Current constituency
- Created: 2002
- Seats: One
- Party: Liberal Democratic Party
- Representative: Kōsaburō Nishime
- Created from: Okinawa's 1st and 2nd district
- Municipalities: Miyakojima, Ishigaki, Itoman, Tomigusuku, Nanjō, Tarama, Yaeyama District and parts of Shimajiri District (Haebaru, Yaese and Yonabaru)

= Okinawa 4th district =

Legislative district of Japan

Okinawa 4th district is a constituency of the House of Representatives in the Diet of Japan (national legislature).
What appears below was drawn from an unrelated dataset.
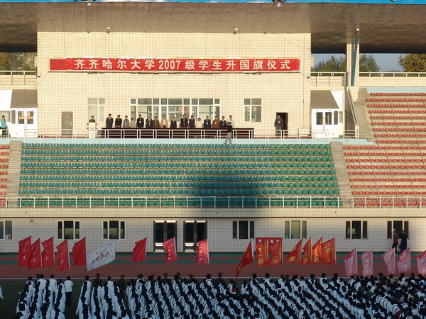 由39名軍訓(xùn)教官組成的儀仗隊(duì)、護(hù)旗手邁著整齊的步伐護(hù)送國旗到升旗臺前。莊嚴(yán)激越的國歌聲中,身著整齊服裝的同學(xué)們行注目禮,注視著國旗冉冉升起在齊齊哈爾大學(xué)校園的上空。

It is located in Okinawa Prefecture and encompasses the cities of Miyakojima, Ishigaki, Itoman, Tomigusuku, Nanjō, the village of Tarama, Yaeyama District and parts of Shimajiri District (Haebaru, Yaese and Yonabaru). The district was formed after the 2002 national electoral district review assigned Okinawa an extra district. Constituency cities and towns in the 1st and 2nd district were reassigned to form the 4th district. As of 2016, 286,832 eligible voters were registered in the district.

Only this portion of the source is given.